R1 Das Double-Nickase-Plasmid (h) besteht aus einem aufeinander abgestimmten Plasmidpaar, das für die hochspezifische Bearbeitung des RRM1-Lokus in human-Zelllinien entwickelt wurde. Jedes Plasmid exprimiert eine Cas9-D10A-Nickase und eine spezifische sgRNA, die auf entgegengesetzte DNA-Stränge innerhalb von RRM1 abzielt. Wenn sie auf benachbarte Stellen auf entgegengesetzten DNA-Strängen gerichtet sind, erzeugen die beiden Nickasen versetzte Einzelstrang-Schnitte, die zusammen einen versetzten Doppelstrangbruch erzeugen, was eine koordinierte On-Target-Aktivität beider Guides erfordert. Der resultierende DNA-Bruch wird durch endogene zelluläre Reparaturwege behoben, meist durch nicht-homologe Endverknüpfung (NHEJ), was zu Insertionen oder Deletionen führt, die die RRM1-Funktion stören.

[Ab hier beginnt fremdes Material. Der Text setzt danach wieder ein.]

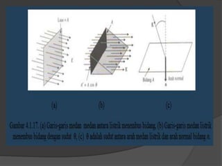 Dokumen ini membahas konsep dasar listrik statis, termasuk gaya Coulomb, medan listrik, energi potensial listrik, dan hukum Gauss, serta penerapan dalam kapasitor dan rangkaian kapasitor. Penjelasan mencakup rumus-rumus matematis terkait dengan medan listrik, beda potensial listrik, dan kapasitansi kapasitor. Selain itu, terdapat penjelasan mengenai rangkaian kapasitor seri dan paralel serta bagaimana hubungan antara muatan, tegangan, dan kapasitansi pada masing-masing jenis rangkaian.
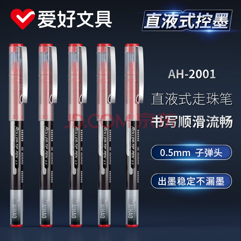 商品相册:爱好(AIHAO)0.5MM签字笔子弹头直液式走珠签字笔商务办公专用红色签字笔12支 2001第
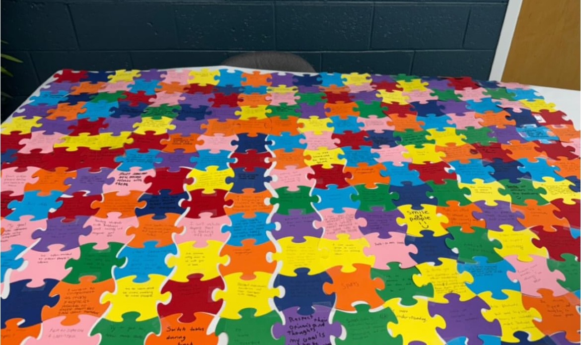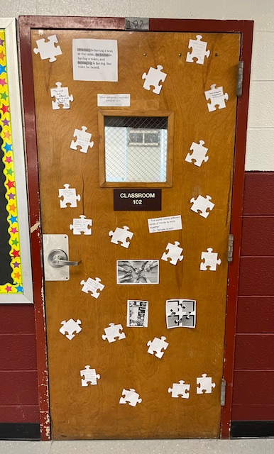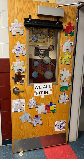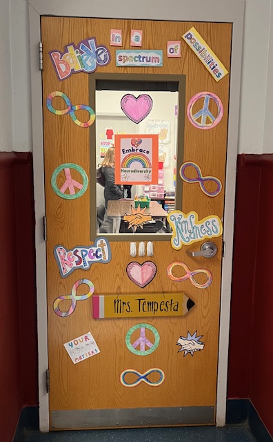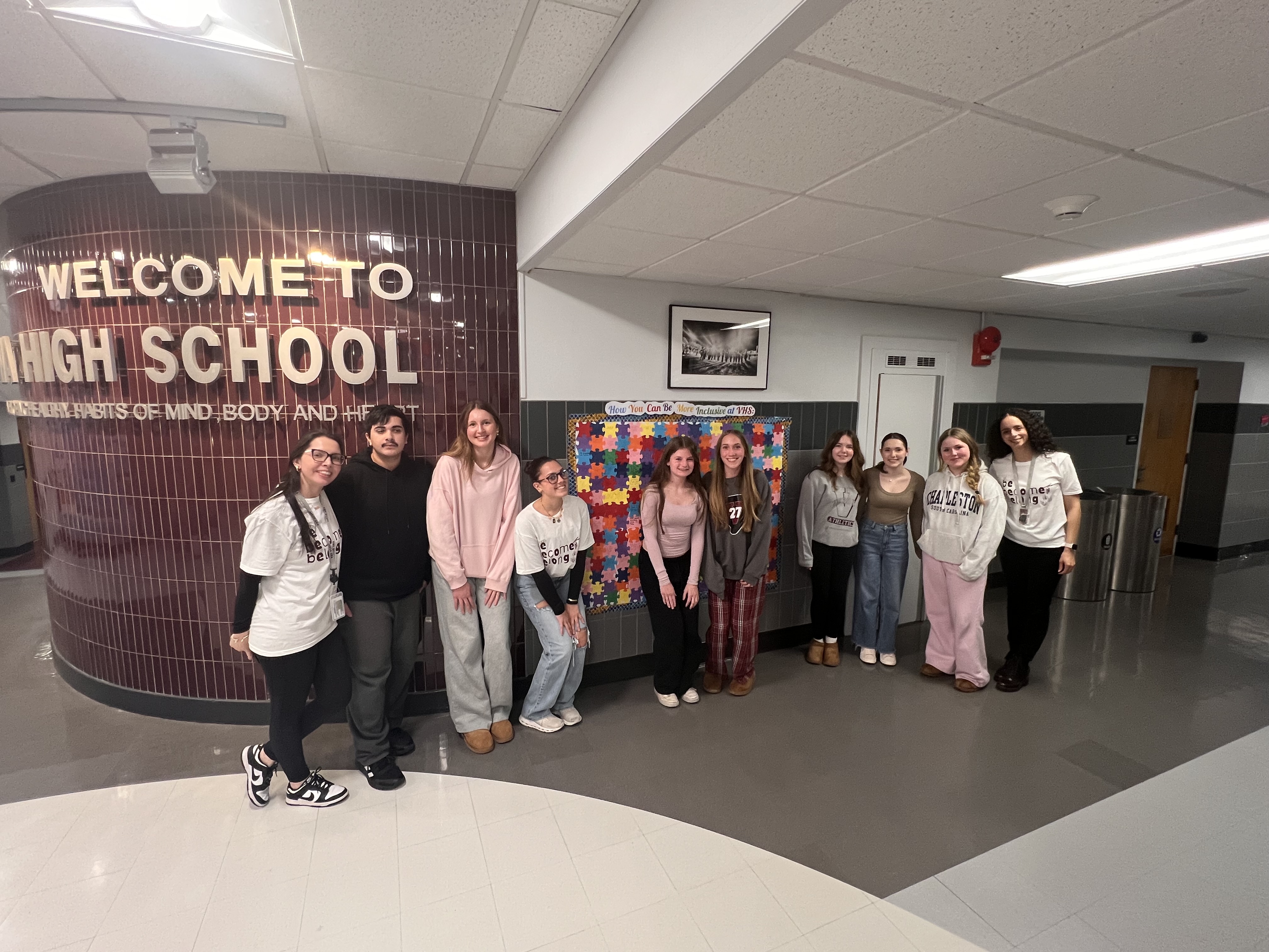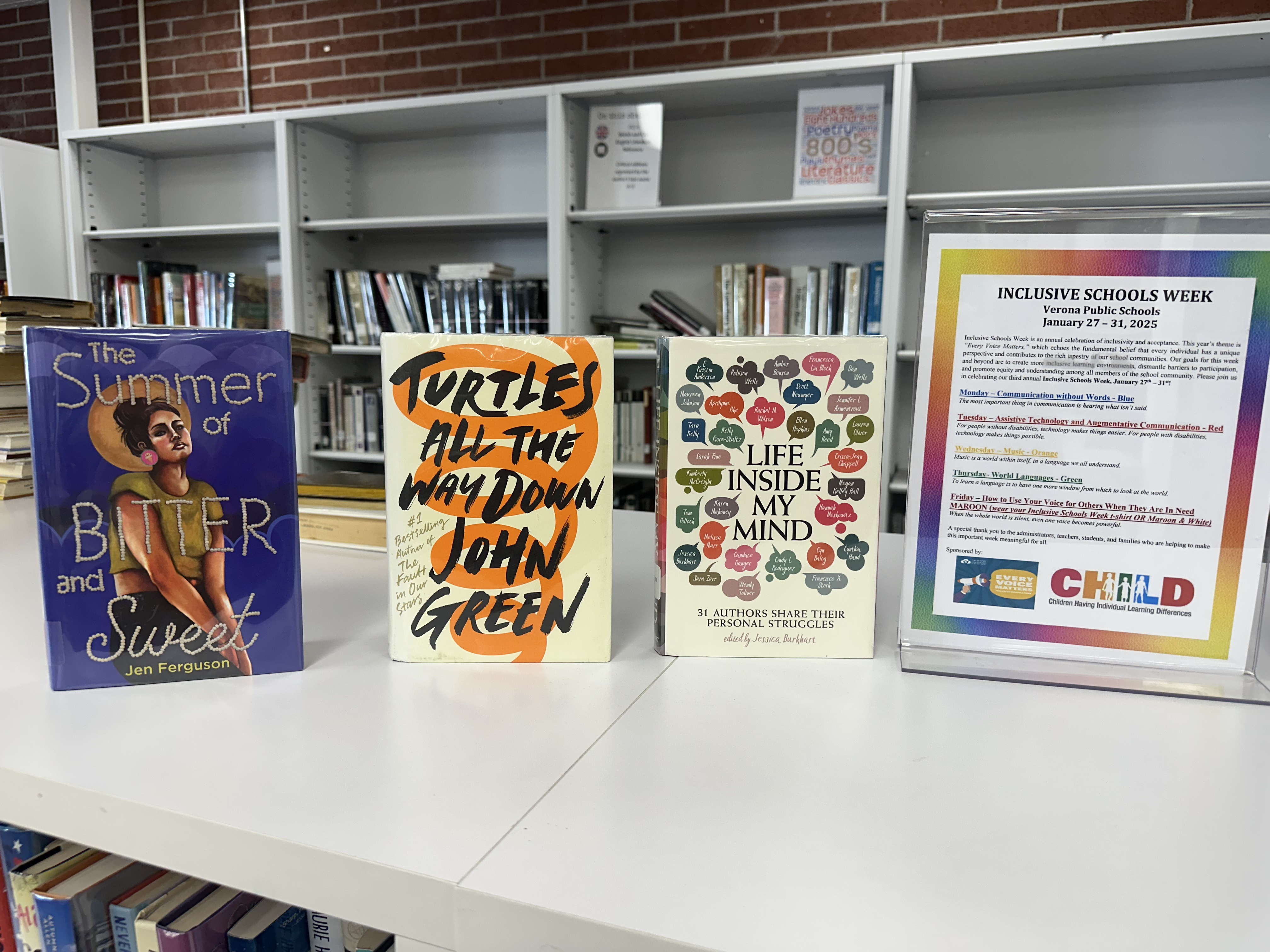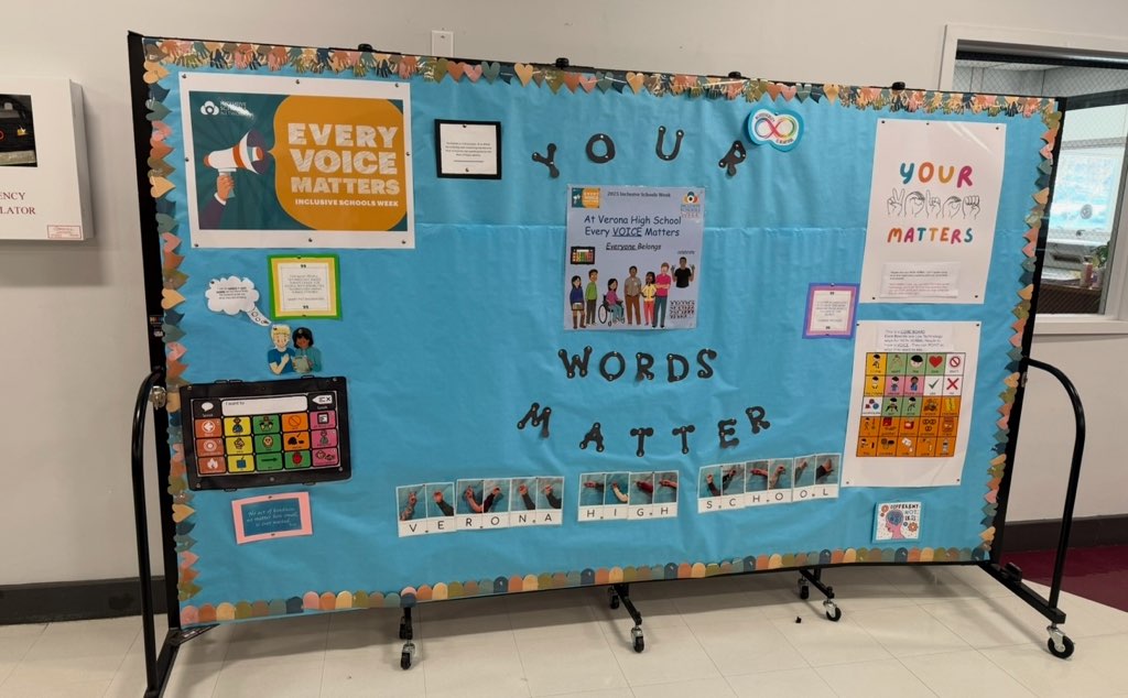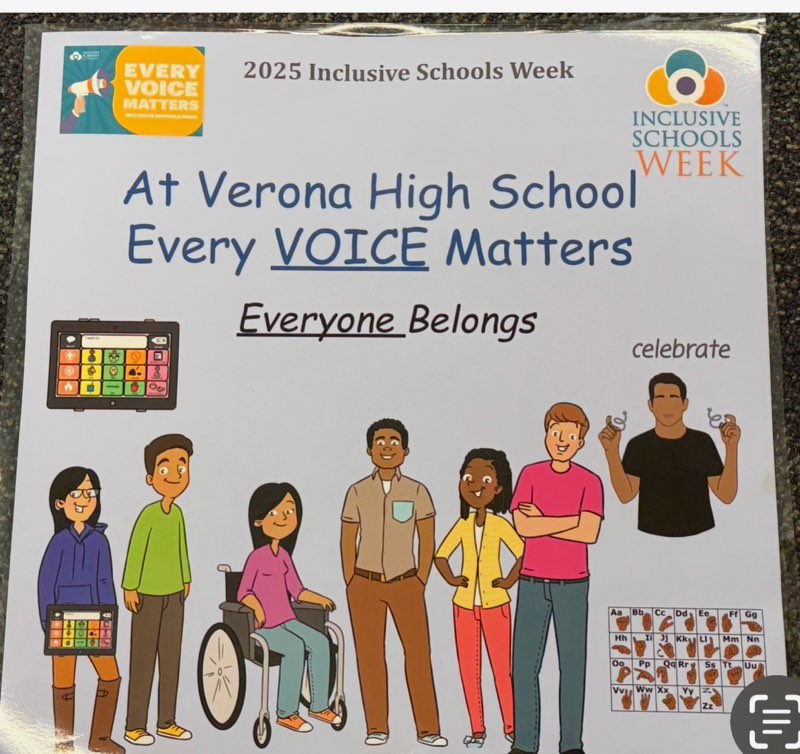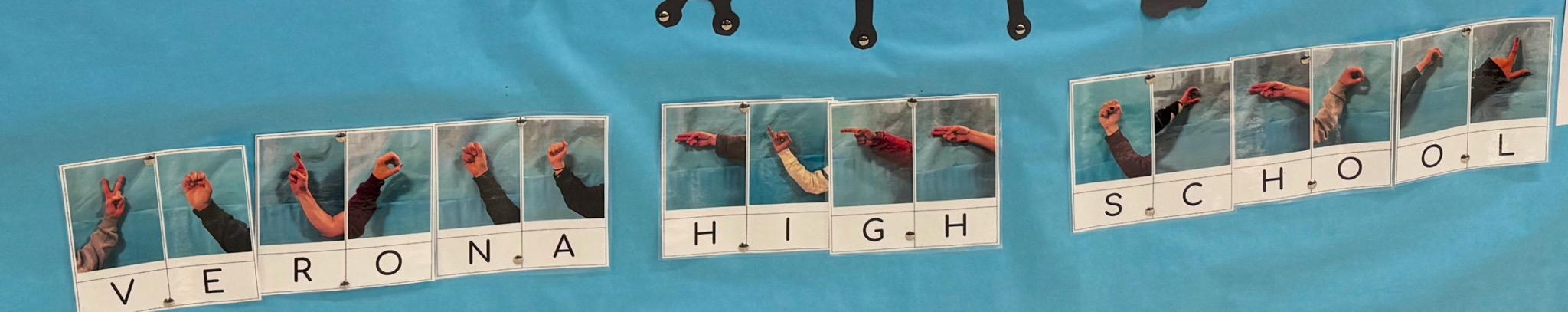 At VHS, staff and students were provided with a series of TED Talks about communication that could be used to supplement the curriculum. Ms. Thomas created a bulletin board, spelling out “Verona High School” in sign language, and VHS librarian, Kaitlyn Kelly created a display in the Learning Commons. The student-run club VHS Connect, led by Aubrey Paul and Lori Hempel, with the support of advisors, Ms. Diaz, Ms. Bayrum, and Dr. Shapiro, created and distributed puzzle pieces to VHS students during homeroom, put together a bulletin board, and held a bake sale. These activities supported their club’s mission “to bridge the gap between neurodivergent and neurotypical students, fostering a community where everyone feels valued and included.”

Durch die Notwendigkeit einer doppelten sgRNA-Bindung am Zielort erhöht der Doppel-Nick-Ansatz die Spezifität der Bearbeitung und bietet eine komplementäre CRISPR-Strategie für Anwendungen, bei denen eine zusätzliche Kontrolle über die Zielgenauigkeit gewünscht ist.
Um eine effiziente Identifizierung editierter Zellen zu unterstützen, kodiert ein Plasmid GFP zur fluoreszierenden Visualisierung transfizierter Populationen, während das Begleitplasmid ein Puromycin-Resistenzgen für die Antibiotika-Selektion trägt. Zusammen unterstützen diese Merkmale eine effiziente Anreicherung co-transfizierter Populationen und vereinfachen die Validierung von Klonen mit RRM1-Störung.
Nur für Forschungszwecke. Nicht für diagnostische oder therapeutische Zwecke bestimmt.